Guest columnists Ali Wicks-Lim and Caroline Murray: Words matter. Which side will you be on?

  • Huntington Country Store. gazette file photo

Published: 9/14/2020 11:30:41 AM

We are at a pivotal moment in our history. This is the time for each of us to decide — as individuals and as a community — which side of history we are on.

In the last four years, our country has seen unprecedented division, hateful rhetoric, racism and increasing violence. Egged on by the president, white supremacists have been emboldened. Torch-wielding white men descend on Charlottesville, Virginia, in 2017, killing a protester; front-line workers are assaulted over masks; police and vigilantes murder Black people in the streets and in their homes; and militias armed to the teeth take over state capitols.

Just this past month, we have seen the violence escalate in Kenosha, Wisconsin, and in Portland, Oregon. Hate crimes against Black, Indigenous and people of color are on the rise across the country.

And now, the hatred is at our door, and in our community. A few weeks ago, community members became aware that Randy and Becky Butler, who own the Huntington Country Store, use the term “China Coronavirus” in multiple places on their website and on signs in their store. People are fearful and angry about COVID-19. When store owners choose to use racially-charged language, they create a target for that fear and anger, impacting the safety of Asians and people of Asian descent in our community.

Since February, when the president and his administration began labeling the coronavirus as the “China virus,” there has been a significant rise in violence, harassment and abuse against Asians and people of Asian descent.

According to a report by CBS News, more than 2,100 anti-Asian-American hate incidents related to COVID-19 were reported across the country over a three-month timespan between March and June. Civil rights and racial justice organizations have issued a joint call to action denouncing the increase in discrimination against Asian-Americans related to COVID-19.

Hate incidents ranged from verbal assault and racial slurs all the way to actual violence. Interestingly, the AAPI Hate report that tracks anti-Asian hate incidents around the country notes that more than a third of the hate incidents occurred in a business setting — such as the Huntington Country Store.

Words matter. Hateful rhetoric has consequences.

We’ve urged Randy and Becky Butler to consider the consequences of their actions.

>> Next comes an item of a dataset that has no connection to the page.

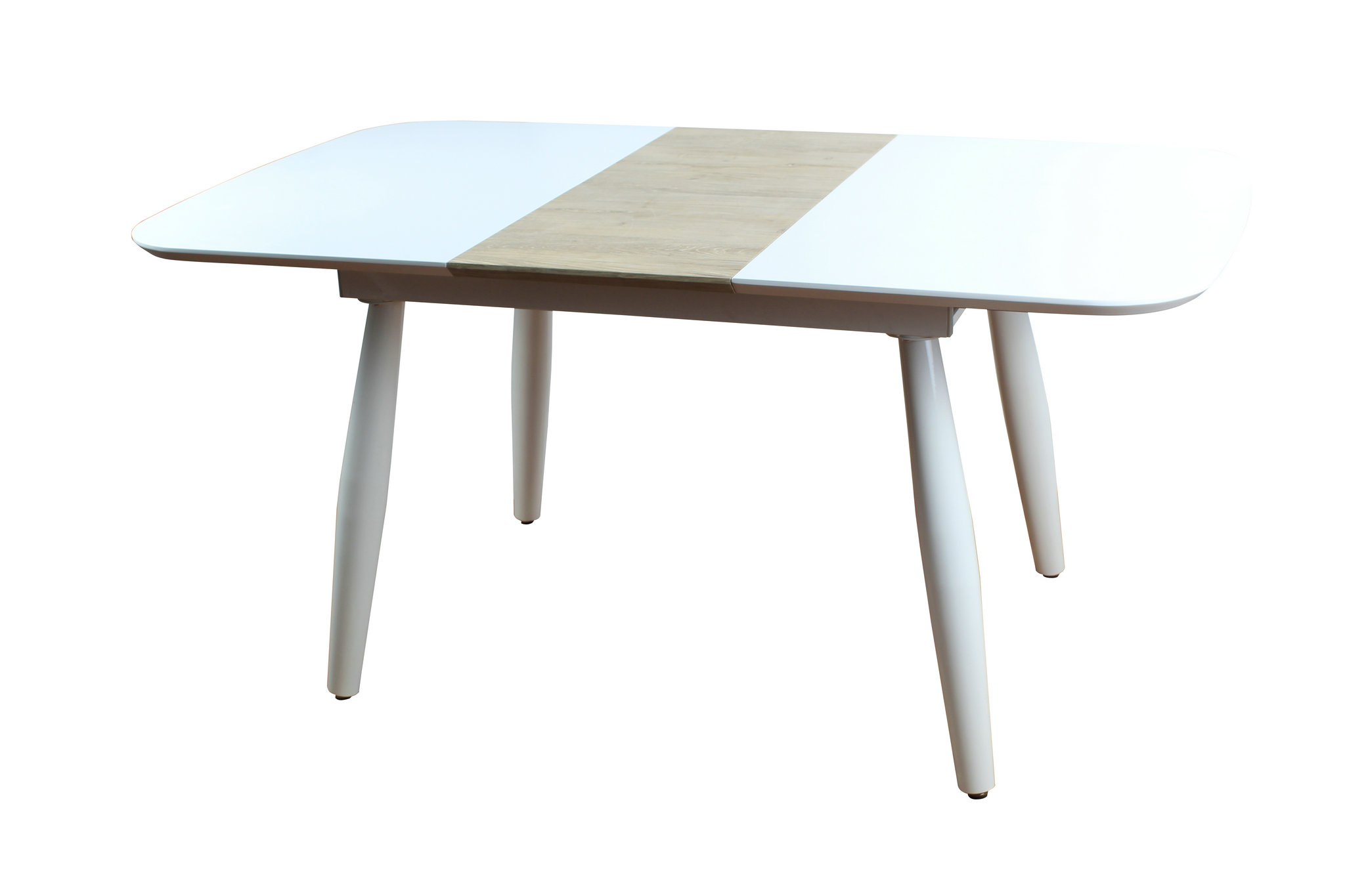 Обеденный стол в прямоугольной столешницей. Цвет столешницы белый. Ножки металлические, покрашены в цвет светлого дерева.Подходит для большой компании, дополнительно раскладывается на 60 см.Характерис..

We’ve called, emailed and sent messages on social media without a response. Finally, a small group of us went to the store in person to have a conversation and to deliver a letter outlining our concerns.

Randy and Becky Butler would not meet with us or take our letter. Instead, they doubled down on their hateful rhetoric, dedicating an entire page of their website to their xenophobic conspiracies while their supporters screamed at us, took down their masks to blow smoke in our faces, and harassed us online threatening us with physical violence and sexual assault.

It’s time to take a stand. As a community, we must join together to reject this kind of hate.

Here’s three ways you can make a difference:

First, document and report anti-Asian violence and discrimination at this online reporting center.

Second, don’t spend money at Huntington Country Store, a business that sows hatred and division. Instead, support Stand Up for AAPI Youth During COVID, a campaign to counter hate against Asian-American young people.

And finally, sign a petition created at and tell Randy and Becky Butler that until they remove this racist language and issue a public apology, you won’t be spending your money at the Huntington Country Store.

Words matter. And so do our actions at this moment in time. As a member of this community you will have to decide what kind of country this is, what kind of community you want to live in, and ultimately, what kind of person you are.

It’s time to make a stand, right here and right now. Which side will you be on?